### Source information:
↓↓↓

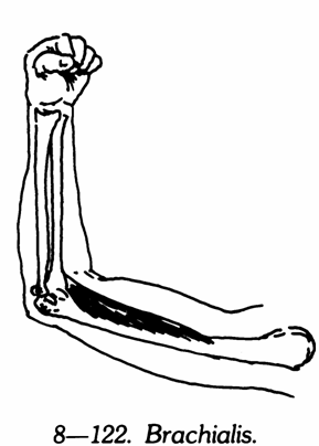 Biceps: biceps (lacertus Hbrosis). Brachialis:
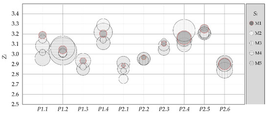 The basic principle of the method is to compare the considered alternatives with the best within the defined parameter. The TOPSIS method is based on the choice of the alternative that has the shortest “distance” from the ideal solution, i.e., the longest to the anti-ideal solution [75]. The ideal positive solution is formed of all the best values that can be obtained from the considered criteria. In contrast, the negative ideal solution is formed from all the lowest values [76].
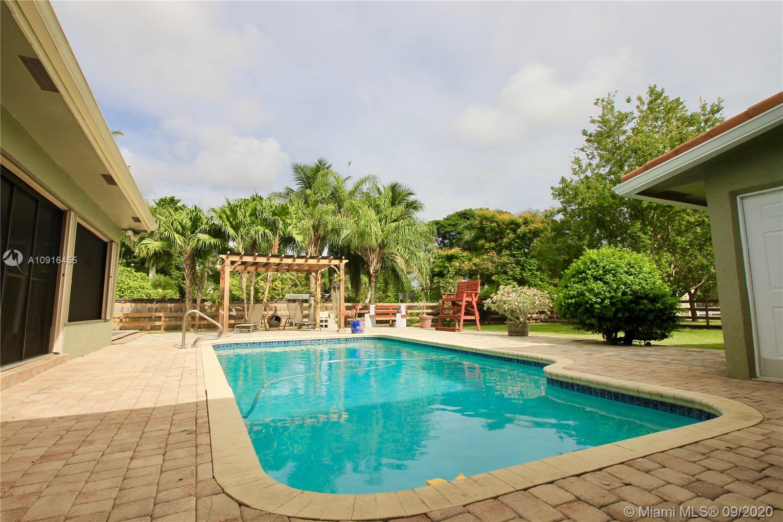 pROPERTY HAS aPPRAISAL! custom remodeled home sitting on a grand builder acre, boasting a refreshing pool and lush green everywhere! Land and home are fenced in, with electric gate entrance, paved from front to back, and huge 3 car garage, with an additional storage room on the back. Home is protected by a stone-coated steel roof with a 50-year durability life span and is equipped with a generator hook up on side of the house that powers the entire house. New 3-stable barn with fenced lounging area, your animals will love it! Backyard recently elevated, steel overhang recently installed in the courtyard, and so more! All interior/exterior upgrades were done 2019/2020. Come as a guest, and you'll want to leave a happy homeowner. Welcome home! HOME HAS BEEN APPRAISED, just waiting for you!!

↑↑↑
↓↓↓

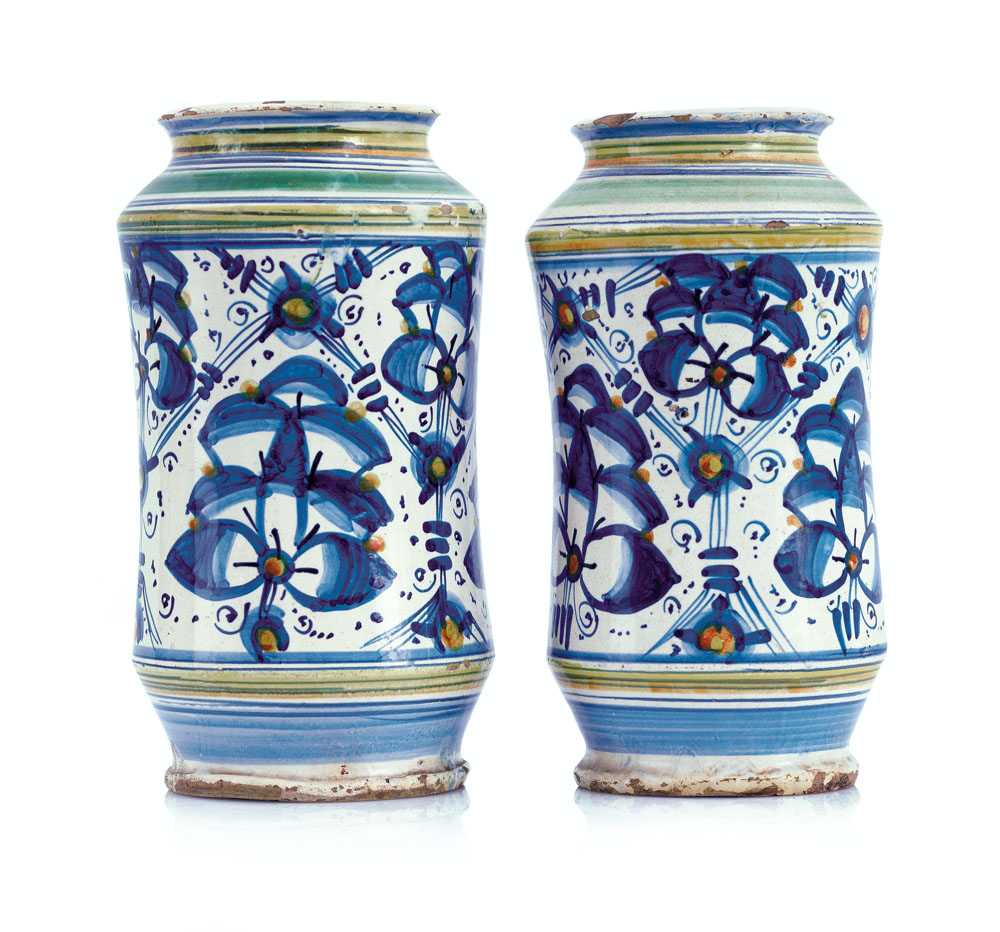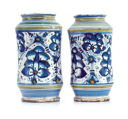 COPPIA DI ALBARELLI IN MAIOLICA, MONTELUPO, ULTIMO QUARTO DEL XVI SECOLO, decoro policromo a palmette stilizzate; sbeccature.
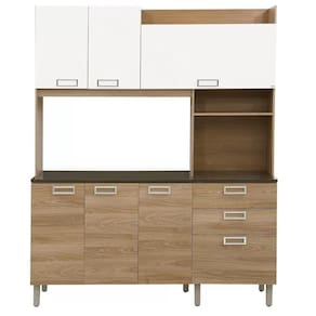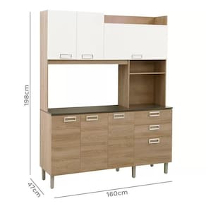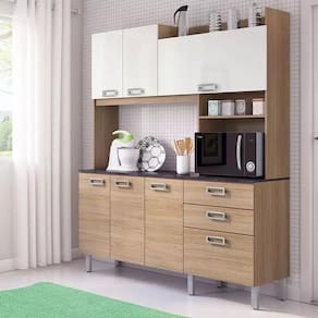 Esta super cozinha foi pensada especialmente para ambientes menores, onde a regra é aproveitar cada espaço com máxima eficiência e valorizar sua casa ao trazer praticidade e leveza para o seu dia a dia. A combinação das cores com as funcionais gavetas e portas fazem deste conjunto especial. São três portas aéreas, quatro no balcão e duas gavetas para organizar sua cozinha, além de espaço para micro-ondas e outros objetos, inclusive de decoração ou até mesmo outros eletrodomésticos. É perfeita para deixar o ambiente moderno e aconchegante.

↑↑↑
↓↓↓

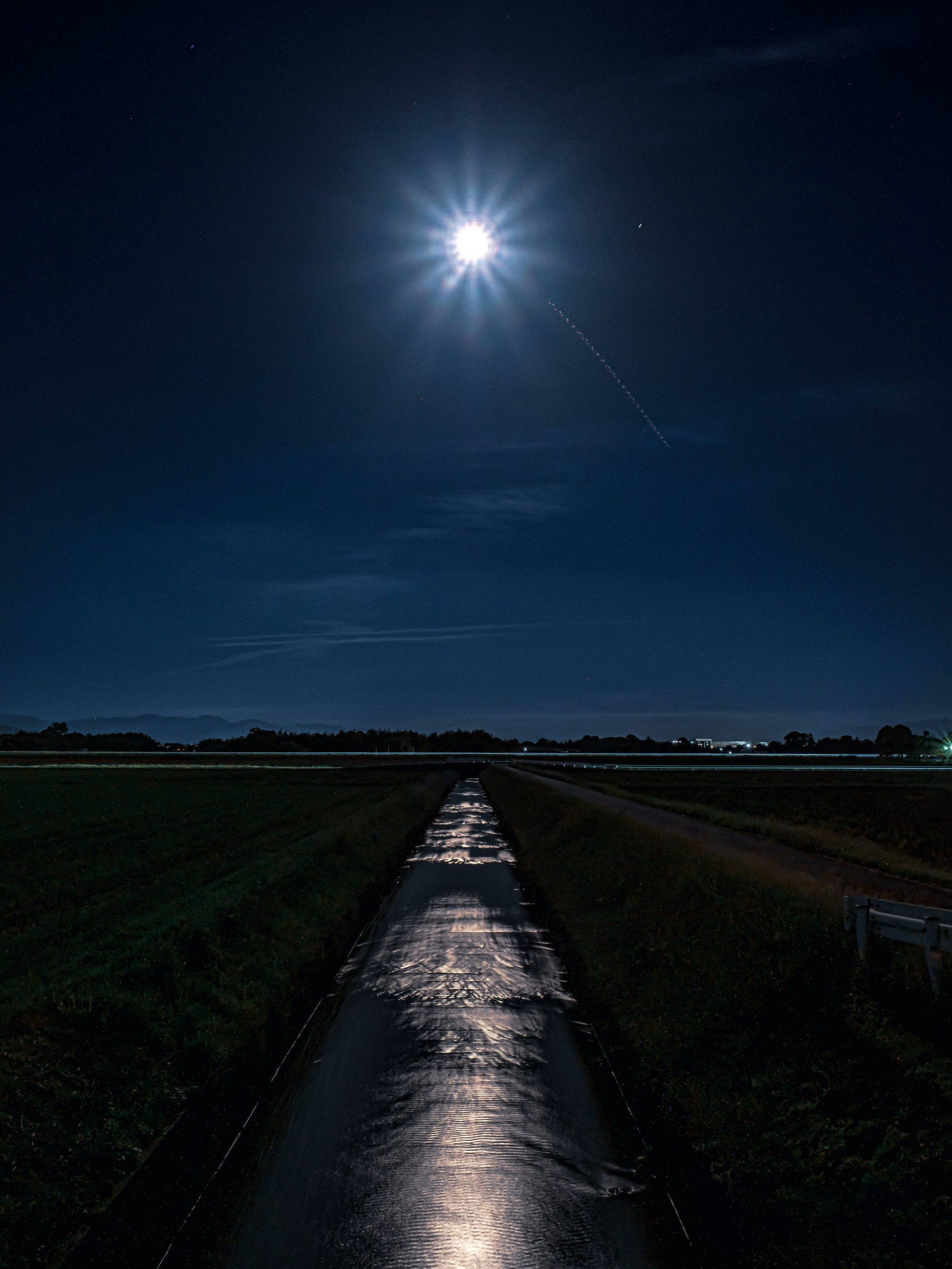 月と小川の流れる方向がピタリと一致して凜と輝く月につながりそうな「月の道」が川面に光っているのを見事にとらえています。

↑↑↑

### Your task:
Within the entries above, the lines from the one containing "Biceps: biceps (lacertus" through the one containing "The basic principle" are to be transcribed exactly, ends included, pictures excluded.

### Result for this exercise:
 Biceps: biceps (lacertus Hbrosis). Brachialis:
 The basic principle of the method is to compare the considered alternatives with the best within the defined parameter. The TOPSIS method is based on the choice of the alternative that has the shortest “distance” from the ideal solution, i.e., the longest to the anti-ideal solution [75]. The ideal positive solution is formed of all the best values that can be obtained from the considered criteria. In contrast, the negative ideal solution is formed from all the lowest values [76].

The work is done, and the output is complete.